Enable GPU Support in OpenShift
The article mentioned above describes in detail the steps involved in installing a GPU node on OpenShift, so I will only briefly mention a few key points. Several issues also need to be updated. We will run exactly this gpt-oss model from RedHatAI Hugging Face. This model was post-trained with MXFP4 quantization. Therefore, it also requires a specific GPU in order to run properly. In my case, the g5.12xlarge machine in AWS is enough. So, we should create a machine pool with at least one node on OpenShift using the g5.12xlarge machine.

Then, you must install and configure the NVIDIA GPU operator. Create the ClusterPolicy object using default values and verify its status.

After that, you must install the Node Feature Discovery operator and create the NodeFeatureDiscovery object. Once again, you just need to click it in the OpenShift console with the default values, or just use my Terraform script.

Run Model on vLLM
You can use the vLLM server directly to run an AI model. It is pretty straightforward. I’m using the latest image from the Red Hat repository with NVIDIA GPU support: registry.redhat.io/rhaiis/vllm-cuda-rhel9:3.3. It is important to use exactly this version or a newer one because support for the Anthropic Messaging API is a relatively new feature in vLLM (2). The g5.12xlarge machine provides 4 GPUs, so I will use all available resources for the best possible performance (1). As I mentioned earlier, I use the RedHatAI/gpt-oss-20b model (3). For vLLM, it is also important to set the name under which the model is served, as we will use it later in API calls (4). Finally, don’t forget to insert your Hugging Face token value (5).
apiVersion: apps/v1
kind: Deployment
metadata:
namespace: ai
name: gpt-oss-rhaiis
spec:
selector:
matchLabels:
app: gpt-oss-rhaiis
replicas: 1
template:
metadata:
labels:
app: gpt-oss-rhaiis
spec:
containers:
- resources:
limits:
cpu: '16'
memory: 30Gi
nvidia.com/gpu: '4'
requests:
cpu: '1'
memory: 10Gi
nvidia.com/gpu: '4' # (1)
name: vllm
image: registry.redhat.io/rhaiis/vllm-cuda-rhel9:3.3 # (2)
command:
- python
- '-m'
- vllm.entrypoints.openai.api_server
args:
- '--port=8000'
- '--model=RedHatAI/gpt-oss-20b' # (3)
- '--served-model-name=gpt-oss' # (4)
- '--tensor-parallel-size=1'
- '--enforce-eager'
ports:
- containerPort: 8000
protocol: TCP
env:
- name: HF_HUB_OFFLINE
value: '0'
- name: HUGGING_FACE_HUB_TOKEN
value: <YOUR_TOKEN_TO_HUGGING_FACE> # (5)YAMLLet’s create a Kubernetes Service for that model:
apiVersion: v1
kind: Service
metadata:
name: gpt-oss-rhaiis
namespace: ai
spec:
selector:
app: gpt-oss-rhaiis
ports:
- protocol: TCP
port: 8000
targetPort: 8000YAMLThe simplest way to expose the model API outside a cluster is via OpenShift Route. However, we will access the model internally, from a container in which VSCode will be running. So, just in case, here’s the command that creates a Route for the gpt-oss-rhaiis Service.
oc expose svc/gpt-oss-rhaiisShellSessionLet’s verify if our pod with the AI model is running. Note which node this pod is running on.
$ oc get pods -n ai -o wide
NAME READY STATUS RESTARTS AGE IP NODE
gpt-oss-rhaiis-779d94b8fc-8jtgr 1/1 Running 0 24h 10.128.4.112 ip-10-0-20-154.us-east-2.compute.internalShellSessionNow, let’s take a moment to look at the detailed description of our node. As you can see, the current request for the GPU (nvidia.com/gpu) is 4.

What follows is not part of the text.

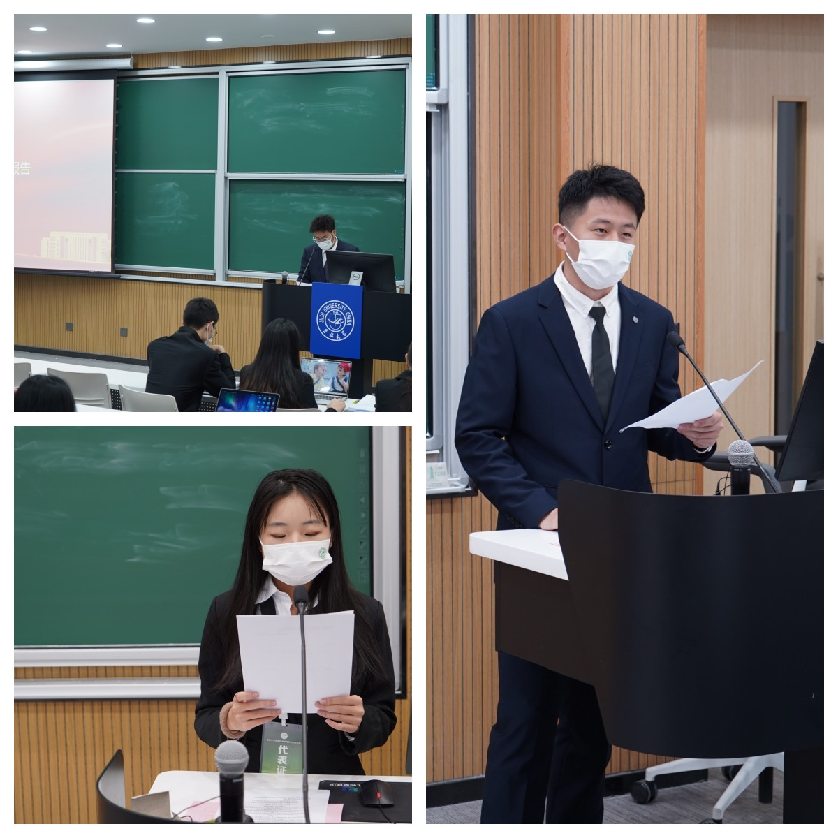 宣读完毕后,由2021-2022学年主席团成员魏羽翀宣读学生会主席团选举办法(草案),会议集体听取并表决通过了学生会主席团选举办法及大会选举监票员、计票员名单、学生会主席团候选人名单。接着由主席团候选人逐一上台做竞职演讲。演讲结束后,与会老师和学生代表通过民主投票,现场核票的方式最终确定孙伟淇、蒋治文、缪镓镓为黑料正能量

Enable Claude Code in OpenShift Dev Spaces
Finally, we can move on to installing OpenShift Dev Spaces and configuring the Claude Code plugin in VSCode. First, find the right operator and install it as shown below. Then, create the devspaces project (namespace) and click the Red Hat OpenShift Dev Spaces instance Specification link when you are in this namespace.

Then click the Create CheCluster button. You can leave the default values everywhere except for the spec.components.pluginRegistry.openVSXURL field. It must contain the https://open-vsx.org address.
apiVersion: org.eclipse.che/v2
kind: CheCluster
metadata:
name: devspaces
namespace: ai
spec:
components:
pluginRegistry:
openVSXURL: 'https://open-vsx.org'
containerRegistry: {}
devEnvironments: {}
gitServices: {}
networking: {}
YAMLWithin a few minutes, Dev Spaces should be available on your cluster.

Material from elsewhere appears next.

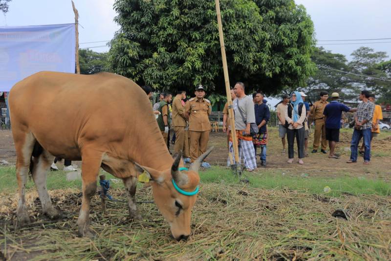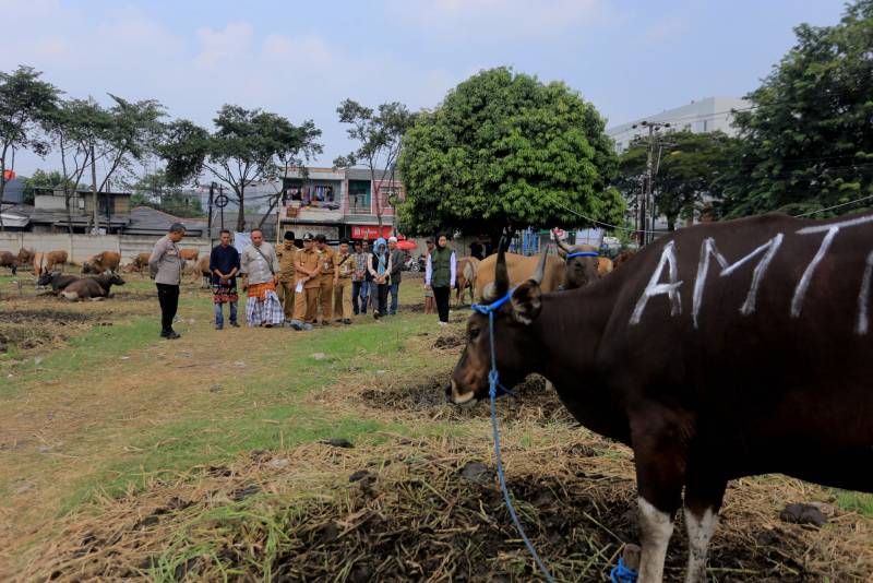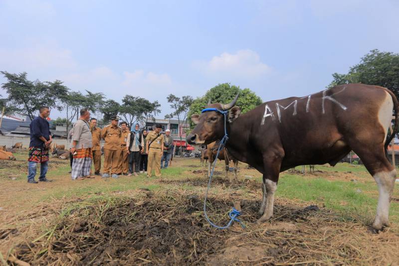 “Alhamdulillah, berdasarkan hasil skrining yang dilakukan oleh tim medis hewan, sapi-sapi yang dijual di sini dipastikan dalam kondisi sehat, tidak cacat, dan cukup umur. Hewan-hewan ini telah memenuhi kriteria yang disyaratkan untuk dijadikan hewan kurban, sehingga ibadah kurbannya insya Allah diterima oleh Allah SWT," jelas Pj Wali Kota, usai meninjau.

Now we can move on to configuring Claude Code. The entire configuration is available in our sample repository. We need to create two configuration files in the repository root: .vscode/extension.json and .claude/settings.local.json. The extension.json contains a list of recommended extensions for VSCode. Interestingly, all recommended extensions are automatically installed in OpenShift Dev Spaces on startup 🙂 Therefore, we recommend the Claude Code extension.
{
"recommendations": [
"Anthropic.claude-code"
]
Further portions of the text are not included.